● **Supplied data**:
☆ ☆ ☆ ☆ ☆

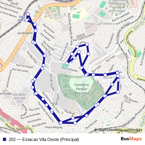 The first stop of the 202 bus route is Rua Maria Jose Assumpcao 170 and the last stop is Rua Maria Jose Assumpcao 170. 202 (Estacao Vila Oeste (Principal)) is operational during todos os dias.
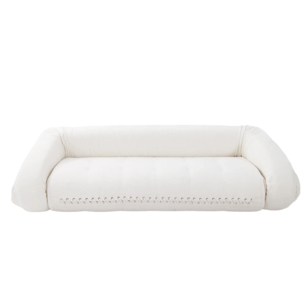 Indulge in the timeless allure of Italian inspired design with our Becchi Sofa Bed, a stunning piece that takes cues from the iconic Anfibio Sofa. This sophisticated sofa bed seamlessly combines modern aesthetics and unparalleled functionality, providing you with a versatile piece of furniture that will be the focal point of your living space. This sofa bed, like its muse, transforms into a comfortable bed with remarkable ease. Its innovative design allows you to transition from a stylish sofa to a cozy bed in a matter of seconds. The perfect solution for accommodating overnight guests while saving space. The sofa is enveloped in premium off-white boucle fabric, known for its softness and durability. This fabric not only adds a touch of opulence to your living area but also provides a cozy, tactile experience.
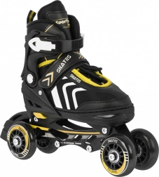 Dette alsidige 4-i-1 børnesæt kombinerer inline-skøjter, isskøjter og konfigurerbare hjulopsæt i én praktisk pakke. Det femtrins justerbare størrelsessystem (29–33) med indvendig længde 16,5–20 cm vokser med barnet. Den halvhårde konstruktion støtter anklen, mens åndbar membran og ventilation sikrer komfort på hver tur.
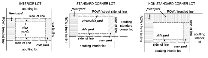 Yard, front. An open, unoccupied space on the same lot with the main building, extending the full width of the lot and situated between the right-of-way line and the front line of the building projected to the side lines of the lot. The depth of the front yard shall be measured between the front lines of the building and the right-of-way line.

☆ ☆ ☆ ☆ ☆

● **What you need to do**: The required output is every line from the one containing "Indulge in the" through the last line of the data above, restated exactly and without pictures.

● **Exercise output**:
 Indulge in the timeless allure of Italian inspired design with our Becchi Sofa Bed, a stunning piece that takes cues from the iconic Anfibio Sofa. This sophisticated sofa bed seamlessly combines modern aesthetics and unparalleled functionality, providing you with a versatile piece of furniture that will be the focal point of your living space. This sofa bed, like its muse, transforms into a comfortable bed with remarkable ease. Its innovative design allows you to transition from a stylish sofa to a cozy bed in a matter of seconds. The perfect solution for accommodating overnight guests while saving space. The sofa is enveloped in premium off-white boucle fabric, known for its softness and durability. This fabric not only adds a touch of opulence to your living area but also provides a cozy, tactile experience.
 Dette alsidige 4-i-1 børnesæt kombinerer inline-skøjter, isskøjter og konfigurerbare hjulopsæt i én praktisk pakke. Det femtrins justerbare størrelsessystem (29–33) med indvendig længde 16,5–20 cm vokser med barnet. Den halvhårde konstruktion støtter anklen, mens åndbar membran og ventilation sikrer komfort på hver tur.
 Yard, front. An open, unoccupied space on the same lot with the main building, extending the full width of the lot and situated between the right-of-way line and the front line of the building projected to the side lines of the lot. The depth of the front yard shall be measured between the front lines of the building and the right-of-way line.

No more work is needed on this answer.